BANDUNG – Produk makanan yang mengandung zat kimia berbahaya seperti mi berformalin, disinyalir masih banyak beredar di Jawa Barat.
Produk-produk itu kebanyakan dijual di pasar tradisional yang pengawasan peredarannya tidak seketat di pasar modern. Maka konsumen diminta selalu berhati-hati memilih produk makanan.
Apalagi, upaya sosialisasi yang dilakukan selama ini belum berhasil mencegah konsumen supaya tidak membeli produk makanan yang mengandung zat kimia berbahaya.
Demikian rangkuman pernyataan Kepala Dinas Perindustrian dan Perdagangan (Indag) Jabar, Ferry Sofwan, serta Kepala Bidang Sertifikasi, Layanan, dan Informasi Konsumen Balai Besar Pengawasan Obat dan Makanan (BBPOM) Bandung, Ujang Supriatna, ketika dihubungi SH di Bandung, Rabu (24/8).
Penjelasan itu dikemukakan untuk menanggapi ditemukannya mi berformalin oleh Menteri Perdagangan, Mari Elka Pangestu, saat berkunjung di Pasar Tradisional Kosambi, Bandung, Rabu pagi.
Dalam inspeksi mendadak (sidak) itu Menteri Perdagangan menemukan tiga jenis makanan yang mengandung formalin dan pewarna buatan. Ketiga makanan yang berbahaya sehingga tidak layak konsumsi itu adalah mi basah, terasi, dan kerupuk. Dalam temuan itu, mi basah ada formalinnya, sedangkan terasi dan kerupuk mengandung rhodamin atau pewarna merah.
“Kemungkinan besar masih ada produk makanan yang mengandung zat kimia berbahaya seperti formalin dan rhodamin yang dijual, terutama di pasar tradisional,” ungkap Ferry. Tim Dinas Indag Jabar telah melakukan sidak ke beberapa pasar tradisional di Kota Bandung.
Hasilnya, tim menemukan ada produk makanan nugget yang mengandung zat pengawet di Pasar Andir. Kemudian, ada produk makanan lain yang memiliki kandungan zat pewarna (rhodamin) yang tinggi yang seharusnya tidak dikonsumsi manusia.
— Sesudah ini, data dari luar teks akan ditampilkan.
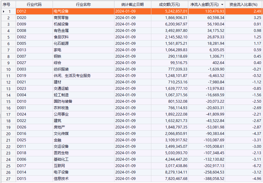 上证报中国证券网讯 Choice数据统计,今日A股主力资金净流出119.74亿元;行业方面,电气设备净流入居首,为13.05亿元,商贸零售净流入6.06亿元,机械设备净流入5.62亿元;净流出金额最多的是信息技术,高达38.81亿元,电子设备净流出25.86亿元。个股方面,主力资金净流入前三的是中国中免、隆基绿能、京山轻机,分别净流入5.1亿元、4.61亿元、4.08亿元;净流出前三的是赛力斯、银宝山新、清源股份,分别净流出3.91亿元、3.52亿元、2.69亿元。
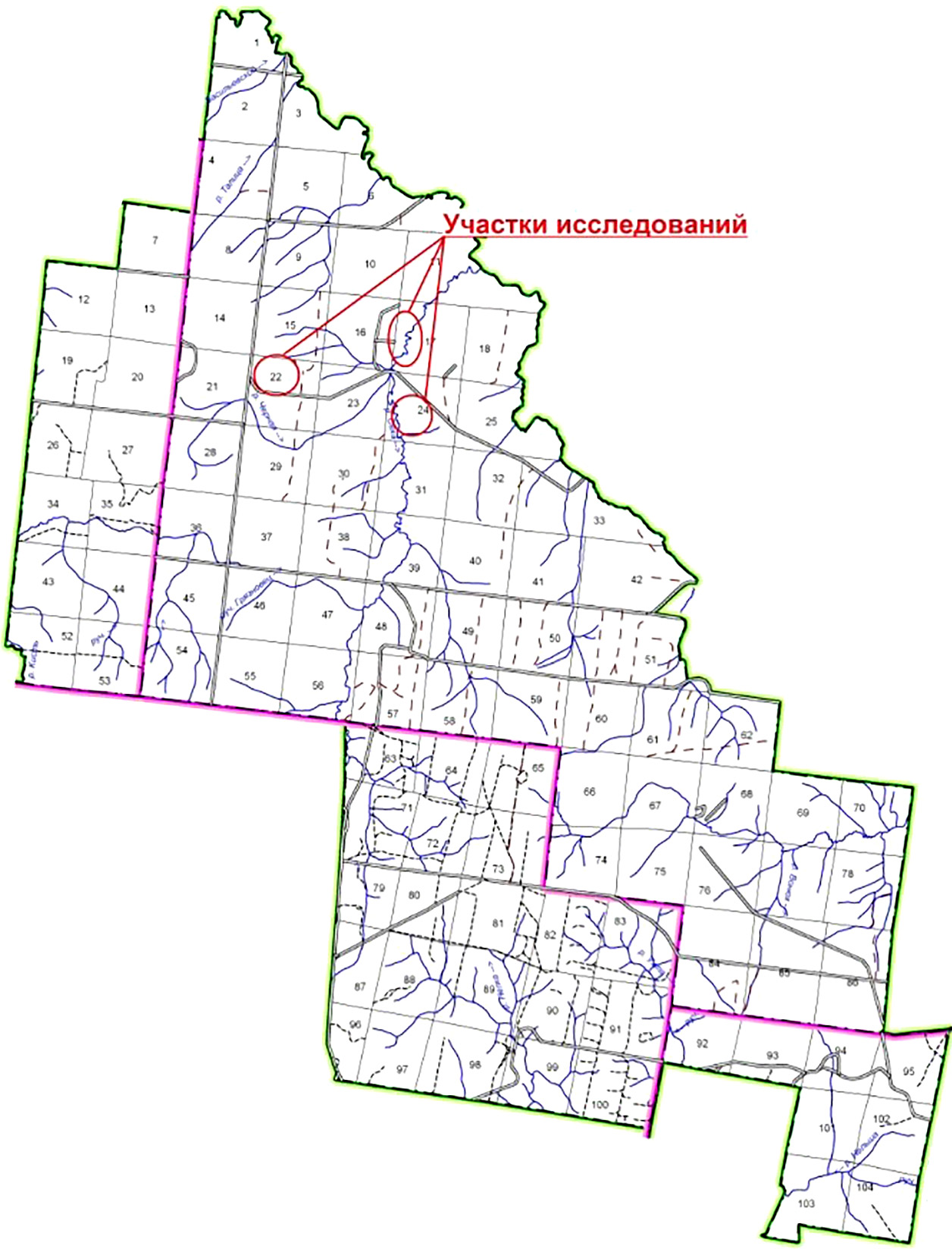 Рисунок 1 – Карта-схема Государственного природного заповедника «Кологривский лес» (Кологривский участок) с нанесением участков, взятых для исследования грызунов [27]

Menurut Ferry, pengawasan di pasar tradisional memang tidak seketat di pasar atau toko modern. Di pasar tradisional persyaratan makanan yang dijual harus lolos uji Badan POM tidak berlaku dengan seharusnya.
Inilah yang membuat makanan yang mengandung zat berbahaya mudah dijual bebas di pasar tradisional, berbeda dengan pasar atau toko modern yang lebih selektif menjual produk makanannya.
Terhadap temuan makanan berbahaya di Pasar Kosambi Bandung, Ferry telah meminta jajaran terkait untuk melacak produsennya. Produsen itu jelas melanggar Undang-Undang Perlindungan Konsumen sehingga harus diproses hukum.
“Untuk melacak siapa produsennya memang agak sulit,” kata Ferry. Penyebabnya, di label tidak tercantum alamat produsen maupun nomor register yang terdaftar di Dinas Indag Jabar.
Hal yang sama dikatakan Ujang Supriatna. Menurut Ujang, tindakan hukum diperlukan agar ada efek jera bagi produsen makanan yang nakal.
Ujang mengatakan, secara berkala BBPOM Bandung senantiasa memantau produk makanan yang dijual di pasar umum. Biasanya makanan dengan kandungan zat berbahaya merupakan produk makanan yang tidak dijual dalam jangka waktu lama serta laku di pasaran.
“Kami telah melakukan sosialisasi ke masyarakat supaya bisa mengetahui ciri-ciri produk makanan yang mengandung zat berbahaya,” tambah Ujang. Sosialisasi bahkan dilakukan di sekolah-sekolah dengan melibatkan guru dan pelajar.
Ujang menjelaskan, makanan yang mengandung zat berbahaya dapat diketahui dari ciri-ciri fisiknya. Misalkan, mi berformalin lebih kenyal, sedangkan makanan yang memiliki kandungan rhodamin biasanya berwarna lebih terang. Melalui ciri-ciri fisik itulah konsumen diimbau untuk lebih berhati-hati dalam membeli produk makanan.